Figure 4. Schematic illustration of the proposed anti-inflammatory mechanism of the ointment base for Ya-Samarn-Phlae tulle-gras dressings (YaSP) in carrageenan-induced paw edema in rats. Carrageenan induces inflammation by activating the NF-κB signaling pathway, which triggers the production of inflammatory mediators (TNF-α, IL-1β, iNOS, COX-2). Additionally, activated mast cells release histamine, leading to vascular changes and leukocyte recruitment. Leukocytes contribute to inflammation by releasing MPO, nitric oxide, and reactive oxygen species, resulting in lipid peroxidation (increased MDA) and prostaglandin E2 (PGE2) production.

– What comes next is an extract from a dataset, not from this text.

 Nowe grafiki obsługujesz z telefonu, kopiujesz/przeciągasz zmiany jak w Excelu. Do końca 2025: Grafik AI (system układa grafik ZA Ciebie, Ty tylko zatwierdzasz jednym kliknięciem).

Treatment with YaSP effectively suppresses inflammation by inhibiting critical inflammatory enzymes and mediators (MPO, NO, MDA, PGE2, iNOS, COX-2, TNF-α, IL-1β).

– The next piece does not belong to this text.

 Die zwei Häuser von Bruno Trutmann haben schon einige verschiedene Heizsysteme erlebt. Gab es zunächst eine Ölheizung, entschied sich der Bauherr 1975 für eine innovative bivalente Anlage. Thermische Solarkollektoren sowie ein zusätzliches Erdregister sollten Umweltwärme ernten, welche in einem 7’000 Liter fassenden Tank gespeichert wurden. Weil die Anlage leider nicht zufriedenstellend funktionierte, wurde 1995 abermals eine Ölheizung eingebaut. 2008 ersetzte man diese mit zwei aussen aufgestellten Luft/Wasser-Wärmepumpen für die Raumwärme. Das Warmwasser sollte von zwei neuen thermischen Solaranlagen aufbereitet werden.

3.3 Topical application of YaSP significantly accelerates the healing of non-diabetic wounds by enhancing their proliferation and remodeling phases, as indicated by the changing levels of TGF-β1, VEGF, collagen I, and collagen III
YaSP significantly enhanced wound closure rates in non-diabetic Wistar rats. By day 7, YaSP-treated wounds exhibited a reduction in wound area of 64% compared to the vehicle group, achieving over 90% closure by day 11. The average wound area in the vehicle-treated group diminished from 27.63 ± 0.36 mm2 on day 3–16.66 ± 1.27 mm2 on day 7 and to 2.91 ± 0.39 mm2 by day 11. In comparison, the group treated with YaSP exhibited a more pronounced decrease in wound area from 24.37 ± 0.63 mm2 on day 3–8.66 ± 0.62 mm2 on day 7, culminating in a minimal 0.10 ± 0.04 mm2 by day 11. These results were found to be in line with those of the positive control, where the average wound area shrank from 25.56 ± 0.85 mm2 on day 3–9.45 ± 0.86 mm2 on day 7, and further to 0.07 ± 0.03 mm2 by day 11. These results were comparable to those observed in the positive control group treated with Solcoseryl® ointment (Figure 5).
Figure 5. Representative macrophotographs of wounds (A), wound areas (B), and percentage of wound closure (C) of non-diabetic wounds in Wistar rats, measured on the operation day (day 0) and on days 3, 5, 7, 9 and 11 after daily treatment with vehicle (I), Solcoseryl® ointment (a positive control; II), or the ointment base for Ya-Samarn-Phlae tulle-gras dressings (YaSP; III). The results represent the mean ± SEM of 9–10 animals per group. *p < 0.05 vs. the control. (a–c) Values on the same days followed by a different letter differ significantly (p < 0.05).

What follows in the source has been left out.